Does anyone see a way out for Europe? I certainly hope so but when Germany refuses to budge on stimulus and France and Italy refuse to make any real economic reforms its hard to see how this ends well.

Any thoughts?

Karl


----------



## Hitch (Apr 25, 2012)

The EU is every bit as vibrant and relevant UN ,why worry?


----------



## 32rollandrock (May 1, 2008)

Karl89 said:


> Gents,
> 
> The news from Europe continues to get worse and now with Germany slowing down and severe disagreements with what the ECB should do next one wonders if the EU is even viable anymore. Bad demographics, a renewed threat from Russia, the lack of a coordinated energy policy and huge structural imbalances continue to plague Europe . The European economy can't seem to gain any traction and it seems Berlin is finally waking up to the fact that the UK may bolt from the EU in the next few years.
> 
> ...


If Western Europe can go a century without a war, that's progress.


----------



## SG_67 (Mar 22, 2014)

^ there's still 30 years to go before we can say they've gone a century.

The way out? Dissolve the € and the ECB. To conflate the productive nations of Western and Northern Europe with Albania, Greece and other less productive nations is a recipe for disaster. 

Margaret Thatcher once said something along the lines of if a nation gives up its currency it basically surrenders its sovereignty. The UK was right not to join into the € and even smarter for wanting out of the EU. Germany is left holding the bag as it is the EU's powerhouse and as a result viewed with disdain by the other nations and seen as a bully.


----------



## eagle2250 (Mar 24, 2006)

As we observe what is happening around this comparatively small and fragile planet of ours, pick up your Bibles and take some time to read the Book of Revelations! For those who may not believe, skip reading Revelations and simply sit down, put your head between your legs and kiss you a** goodbye!


----------



## WouldaShoulda (Aug 5, 2009)

32rollandrock said:


> If Western Europe can go a century without a war, that's progress.


Yes, It's fortunate Ukraine and Kosovo don't count!!


----------



## Langham (Nov 7, 2012)

32rollandrock said:


> If Western Europe can go a century without a war, that's progress.


Judging by its deft touch with monetary affairs, I feel sure that, left to its own devices, the EU will bring about some form of armed conflict in Europe soon enough.


----------



## Odradek (Sep 1, 2011)

Langham said:


> Judging by its deft touch with monetary affairs, I feel sure that, left to its own devices, the EU will bring about some form of armed conflict in Europe soon enough.


They've certainly been trying hard in Ukraine.
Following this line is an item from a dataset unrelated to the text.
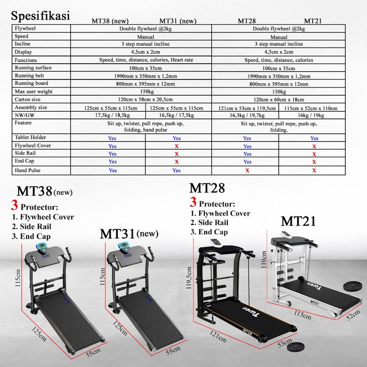 Treadmill Twen Mt21 Tanpa Listrik Treadmill Murah Manual Multi Fungsi Bergaransi Gratis Ongkir
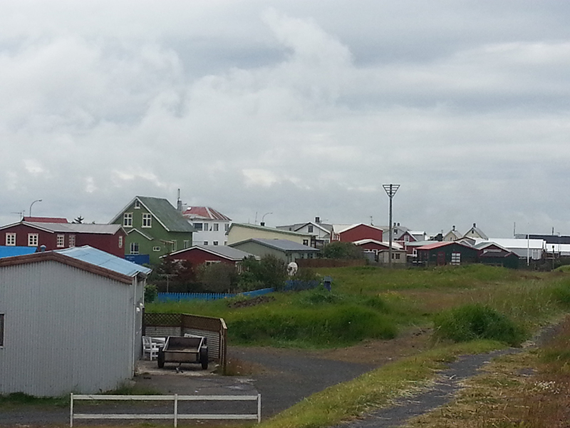 Der Bus fuhr uns über die Ortschaft Selfoss zum alten Handelsort Eyrarbakki. Er war wegen seiner Nähe zum alten Bischofssitz Skálholt jahrhundertelang einer der wichtigsten Hafen- und Handelsorte Islands, heißt es, und hat eine bewegte Geschichte. Wir sahen uns im Ort um und wanderten dann an der Mündung des Gletscherflusses Ölfusá. Stockfisch

With considerable US help of course.


----------



## Haffman (Oct 11, 2010)

eagle2250 said:


> As we observe what is happening around this comparatively small and fragile planet of ours, pick up your Bibles and take some time to read the Book of Revelations! For those who may not believe, skip reading Revelations and simply sit down, put your head between your legs and kiss you a** goodbye!


you are certainly in apocalyptic mood Eagle:icon_pale: !

Guess I won't bother wasting time drawing up the list of new year resolutions for 2015!!


----------



## 32rollandrock (May 1, 2008)

I'm not sure, but isn't 70 years already a record? And remember, I said western Europe.



SG_67 said:


> ^ there's still 30 years to go before we can say they've gone a century.
> 
> The way out? Dissolve the € and the ECB. To conflate the productive nations of Western and Northern Europe with Albania, Greece and other less productive nations is a recipe for disaster.
> 
> Margaret Thatcher once said something along the lines of if a nation gives up its currency it basically surrenders its sovereignty. The UK was right not to join into the € and even smarter for wanting out of the EU. Germany is left holding the bag as it is the EU's powerhouse and as a result viewed with disdain by the other nations and seen as a bully.


----------



## SG_67 (Mar 22, 2014)

^ WWII ended in 1945. Pretty sure that was fought, at least in part, in western Europe.


----------



## Karl89 (Feb 20, 2005)

Odradek said:


> They've certainly been trying hard in Ukraine. With considerable US help of course.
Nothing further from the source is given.